Internet-Abofalle für Routenplaner – der Bundesgerichtshof (BGH) entschied mit Urteil vom 05.03.3014, Az. 2 StR 616/12: Wer eine Internet-Abofalle betreibt, macht sich wegen versuchten Betruges strafbar.
Was war geschehen?
Der Angeklagte betrieb verschiedene Internetseiten. Auf einer dieser Internetseiten wurde ein Routenplaner angeboten. Um den Routenplaner nutzen zu können, musste der User seinen Vornamen, seinen Familiennamen, seine Anschrift, seine E-Mail-Adresse und sein Geburtsdatum eingeben.
Für den User war dabei nur schwer zu erkennen, dass er ein kostenpflichtiges Abonnement abschloss: Der Klick auf den Button „Route berechnen“ führte nach einem am unteren Seitenrand am Ende eines mehrzeiligen Textes klein abgedruckten Hinweis zum Abschluss eines kostenpflichtigen Abonnements: Für 59,95 € erhielt der User eine dreimonatige Zugangsmöglichkeit zu dem Routenplaner. Je nach der Größe des Monitors und je nach der Bildschirmauflösung wurde dieser Fußnotentext erst nach vorherigem Scrollen sichtbar.
Nach Ablauf der Widerrufsfrist erhielt der User zunächst eine Zahlungsaufforderung. Später versandte der Angeklagte Zahlungserinnerungen. Einige Abofallen-Opfer erhielten zudem Schreiben von Rechtsanwälten, in denen ihnen für den Fall, dass sie weiterhin nicht zahlten, ein SCHUFA-Eintrag angedroht wurde.
Das Landgericht (LG) Frankfurt am Main verurteilte den Angeklagten mit Urteil vom 18.06.2012, Az. 5-27 KLs 12/08 wegen versuchten Betrugs zu einer Freiheitsstrafe von zwei Jahren auf Bewährung. Gegen dieses Urteil legte der Angeklagte Revision ein.
Wie entschied der BGH?
Der BGH verwarf die Revision und bestätigte das Urteil des Landgerichts.

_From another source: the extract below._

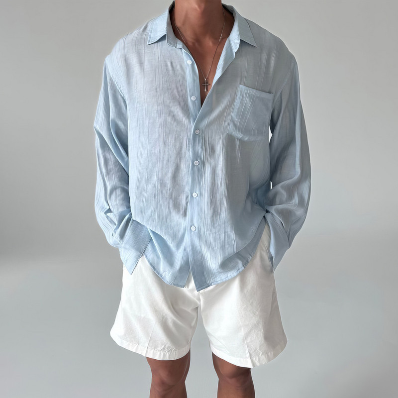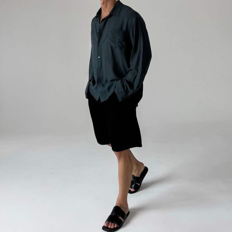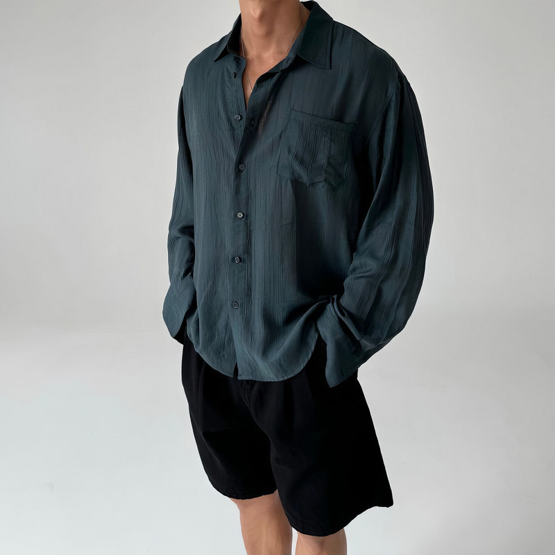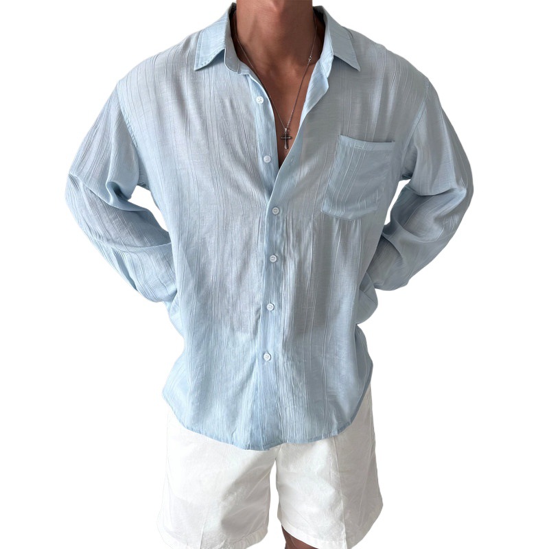 美式复古长袖衬衫男士春季韩系高级感宽松休闲褶皱纹理感防晒衬衣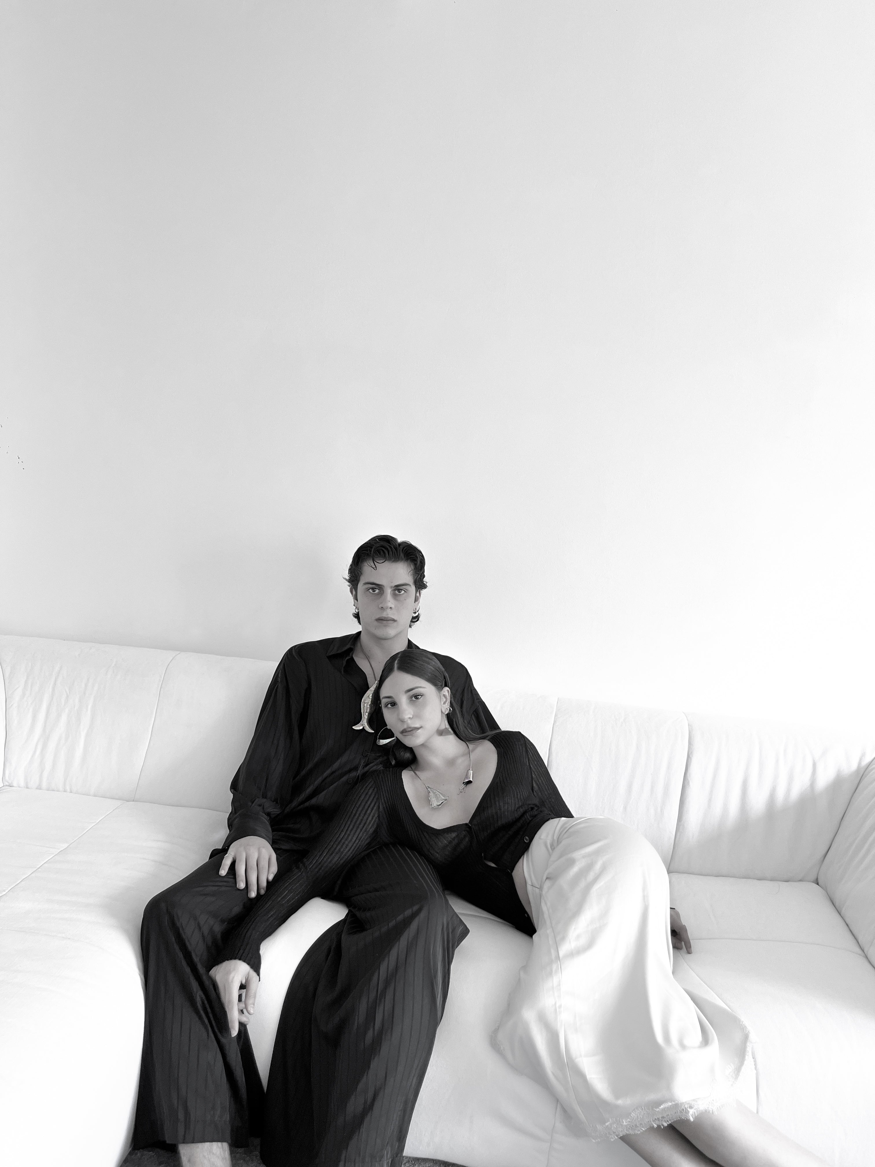 Agua nasce dall’unione di due percorsi diversi ma complementari: quello di Alice, stylist con una forte passione per i viaggi e l’esplorazione culturale, e quello di Gianmarco, laureato in economia e finanza, con un interesse per la natura, il mare e uno stile di vita essenziale e autentico.

Durch die Gestaltung der Internetseite sei gezielt verschleiert worden, dass die angebotene Leistung kostenpflichtig war. Dies stelle eine Täuschungshandlung im Sinne des § 263 StGB dar. Die Erkennbarkeit der Täuschung bei sorgfältiger Lektüre schließe die Strafbarkeit nicht aus. Die Täuschungshandlung sei gerade im Hinblick darauf unternommen worden, die bei einem – wenn auch nur geringeren – Teil der Benutzer vorhandene Unaufmerksamkeit oder Unerfahrenheit auszunutzen.
Dies gelte auch unter Berücksichtigung der Richtlinie 2005/29/EG des Europäischen Parlaments und des Rates vom 11. Mai 2005 über unlautere Geschäftspraktiken im binnenmarktinternen Geschäftsverkehr zwischen Unternehmen und Verbrauchern (Richtlinie über unlautere Geschäftspraktiken). Die Richtlinie führe jedenfalls hier nicht zu einer Einschränkung des strafrechtlichen Rechtsgüterschutzes.
Auch ein Vermögensschaden sei gegeben. Dieser Vermögensschaden liege in der Belastung mit einer bestehenden oder auch nur scheinbaren Verbindlichkeit. Die Gegenleistung in Form einer dreimonatigen Möglichkeit, den Routenplaner zu nutzen, sei für den Nutzer praktisch wertlos.
Welche Auswirkung hat das Urteil auf die Praxis?
Seit dem 01.08.2012 gilt bei Online-Verträgen, die ein Unternehmer mit einem Verbraucher abschließt (B2C) die sogenannte „Button-Lösung“ mit dem neu eingefügten § 312g BGB. Das Urteil des LG Frankfurt und die Revisionsentscheidung des BGH betrafen einen Sachverhalt aus der Zeit davor. Allerdings gilt die Button-Lösung nicht bei Verträgen zwischen Unternehmern (B2B). Und diesen Umstand nutzen weiterhin Anbieter aus, um eiligen Usern kostenpflichtige Verträge unterzuschieben.
Die Ausführungen des BGH zur Täuschungshandlung durch die grafische Gestaltung der Benutzeroberfläche müssen unabhängig davon gelten, ob ein Verbraucher oder ein Unternehmer Opfer der Täuschung werden und in die Abofalle tappen sollte: Auch Opfer einer B2B-Abofalle haben mit dem BGH-Urteil vom 05.03.2014 eine weitere Argumentationsgrundlage gefunden, um sich gegen die Abzocke zu wehren.